WORK INSTRUCTION: The reply should hold only the lines below beginning at the one with "Minimalist Script Monogram" and ending at the one with "This item is", copied exactly, with every picture left out.

== SOURCE INFORMATION

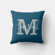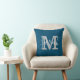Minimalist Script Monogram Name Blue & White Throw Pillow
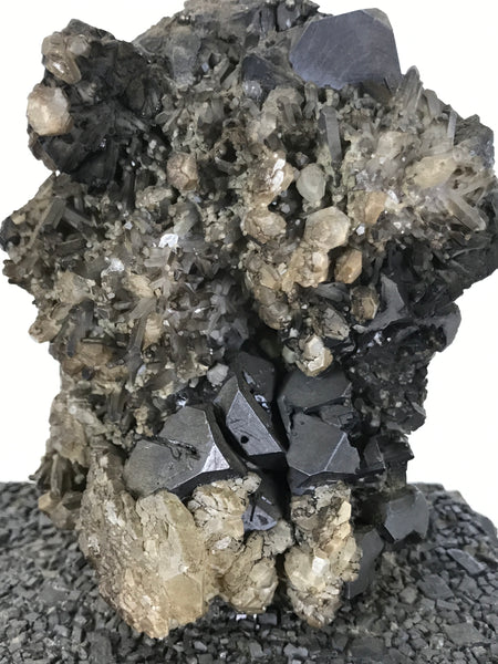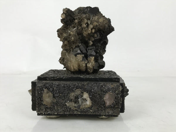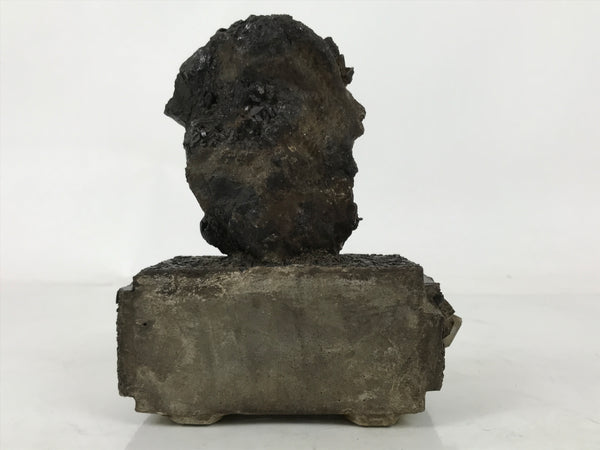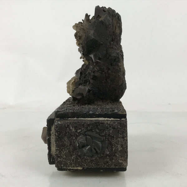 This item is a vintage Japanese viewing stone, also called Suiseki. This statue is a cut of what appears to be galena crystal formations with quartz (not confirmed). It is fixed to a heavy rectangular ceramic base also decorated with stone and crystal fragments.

====
== SOURCE INFORMATION

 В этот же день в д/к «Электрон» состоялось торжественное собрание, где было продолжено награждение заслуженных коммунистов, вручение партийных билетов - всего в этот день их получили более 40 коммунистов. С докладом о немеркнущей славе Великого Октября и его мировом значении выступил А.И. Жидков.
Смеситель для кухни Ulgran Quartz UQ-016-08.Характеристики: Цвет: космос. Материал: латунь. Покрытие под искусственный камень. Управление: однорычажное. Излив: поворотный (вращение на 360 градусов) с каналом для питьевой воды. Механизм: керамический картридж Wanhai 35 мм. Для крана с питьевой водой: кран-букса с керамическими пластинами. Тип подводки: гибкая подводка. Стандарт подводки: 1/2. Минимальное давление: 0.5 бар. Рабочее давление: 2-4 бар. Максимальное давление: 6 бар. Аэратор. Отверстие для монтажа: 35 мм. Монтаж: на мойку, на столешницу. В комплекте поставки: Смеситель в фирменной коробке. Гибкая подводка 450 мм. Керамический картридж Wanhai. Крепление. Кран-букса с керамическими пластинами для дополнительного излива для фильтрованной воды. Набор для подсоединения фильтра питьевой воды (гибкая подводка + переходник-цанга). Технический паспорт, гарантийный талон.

====

EXERCISE RESULT:
Minimalist Script Monogram Name Blue & White Throw Pillow
 This item is a vintage Japanese viewing stone, also called Suiseki. This statue is a cut of what appears to be galena crystal formations with quartz (not confirmed). It is fixed to a heavy rectangular ceramic base also decorated with stone and crystal fragments.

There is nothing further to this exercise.